Piyasa kargaşası şu ana kadar büyüme tahminlerimizi gerçekten değiştirmedi, ancak Fed hakkındaki görüşlerimizi değiştirmemiz için bir neden oldu. Geçen hafta boyunca, Fed faiz oranlarına yönelik piyasada önemli değişiklikler gördük. Fed, Temmuz toplantısında zaten Eylül’de bir faiz indirimi için zemin hazırlamaya başlamıştı, ancak yeni resesyon korkuları ve piyasa kargaşası, piyasaların yılın geri kalanında 65 baz puanlık indirim beklentisinden, neredeyse tümünü bir sonraki toplantıya kadar fiyatlayacak şekilde değişmesine neden oldu.

Fed’in yatıştırıcı sözleri ve güçlü ISM hizmet endeksi ile sakinlik yeniden sağlandı, ancak Fed’in “geride kaldığı” ve resesyondan kaçınmak için faiz indirimlerini hızlandırması gerektiği yönünde bir argüman var.

Fed Faiz İndirimlerine Hazırlanıyor

Daha Haziran ayında, Fed, dördüncü çeyrek GSYİH büyümesi için yıllık %2.1 ve işsizlik oranının yılı %4’te kapatacağını tahmin ediyordu; belki de sadece bir faiz indirimi gerekiyordu. Bu o zaman bile iyimser görünüyordu, ancak iş anketleri zayıflarken, işe alımlar hızla yavaşlarken, enflasyon %2’ye doğru ilerlerken ve işsizlik Fed’in tahminlerini aşarken, Fed’in beklenenden daha erken harekete geçmesi gerektiğini savunabiliriz.

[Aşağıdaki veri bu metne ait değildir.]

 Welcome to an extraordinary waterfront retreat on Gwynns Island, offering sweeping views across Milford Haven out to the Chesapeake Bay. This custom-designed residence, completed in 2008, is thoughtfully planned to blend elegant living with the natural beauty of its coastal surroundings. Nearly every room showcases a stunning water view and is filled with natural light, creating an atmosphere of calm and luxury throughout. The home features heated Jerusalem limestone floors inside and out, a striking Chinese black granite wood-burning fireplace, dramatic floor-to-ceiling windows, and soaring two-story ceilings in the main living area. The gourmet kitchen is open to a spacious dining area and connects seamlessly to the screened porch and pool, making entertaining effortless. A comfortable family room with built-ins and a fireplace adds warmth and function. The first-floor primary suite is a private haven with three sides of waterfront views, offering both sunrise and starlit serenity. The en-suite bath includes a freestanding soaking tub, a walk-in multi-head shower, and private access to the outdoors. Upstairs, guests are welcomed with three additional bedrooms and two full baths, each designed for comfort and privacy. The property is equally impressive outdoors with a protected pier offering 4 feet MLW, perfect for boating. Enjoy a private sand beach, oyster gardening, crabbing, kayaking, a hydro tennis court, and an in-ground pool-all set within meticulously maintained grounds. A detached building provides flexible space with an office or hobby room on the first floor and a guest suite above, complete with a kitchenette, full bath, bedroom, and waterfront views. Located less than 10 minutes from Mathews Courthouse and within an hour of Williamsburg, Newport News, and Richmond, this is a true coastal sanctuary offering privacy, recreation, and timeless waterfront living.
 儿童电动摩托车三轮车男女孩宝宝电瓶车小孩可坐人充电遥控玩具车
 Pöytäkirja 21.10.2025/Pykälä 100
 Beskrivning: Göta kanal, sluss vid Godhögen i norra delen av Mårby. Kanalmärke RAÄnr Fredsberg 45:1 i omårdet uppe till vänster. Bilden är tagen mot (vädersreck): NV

Bir noktada, piyasalar toplantılar arasında bir faiz indirimi olasılığını değerlendiriyordu, ancak finansal sistemde bir stres olmadıkça, acil bir eyleme gerek olmadığını düşünüyoruz ve Fed, Eylül FOMC toplantısında ne yapacağına karar vermeden önce verileri izlemeye devam edebilir. Carry trade’ler çözülüyor ve hisse senetleri sert darbe aldı, ancak hala yıl başından bu yana artıda. Fed, acil bir ekonomik veya finansal sistem ihtiyacı olmadıkça, risk alanları kurtarıyor gibi görünmeye şiddetle karşı çıkacaktır.

Uzun süredir Fed’in piyasadan daha hızlı ve agresif bir şekilde faiz indireceğini öngören güvercin taraftaydık. Baharda en son değişikliğimiz, yılın ikinci yarısında sadece 75 baz puanlık indirimi öngörmekti, ki bu yanlış bir hamle oldu. Bunun yerine, Fed’in piyasa endişelerine boyun eğeceğini ve politikayı daha hızlı nötr bir düzeye getirmek için en az bir, belki de iki 50 baz puanlık hareket gerçekleştireceğini düşünüyoruz.

Eylül ayında 50 baz puanlık bir indirim ve ardından yaz aylarına kadar Fed fonlama oranını yaklaşık %3.5 seviyesine getirecek bir dizi 25 baz puanlık indirim bekliyoruz.

Bu güncellemeyle, plajlara, dağlara ve göllere dönmeyi umuyoruz. Ancak, piyasalar ve ekonomi asla tatil yapmaz. Bu yüzden, nerede olursak olalım, tüm gelişmeleri yakından takip etmeye ve sizi her zamanki gibi bilgilendirmeye devam edeceğimizden emin olabilirsiniz.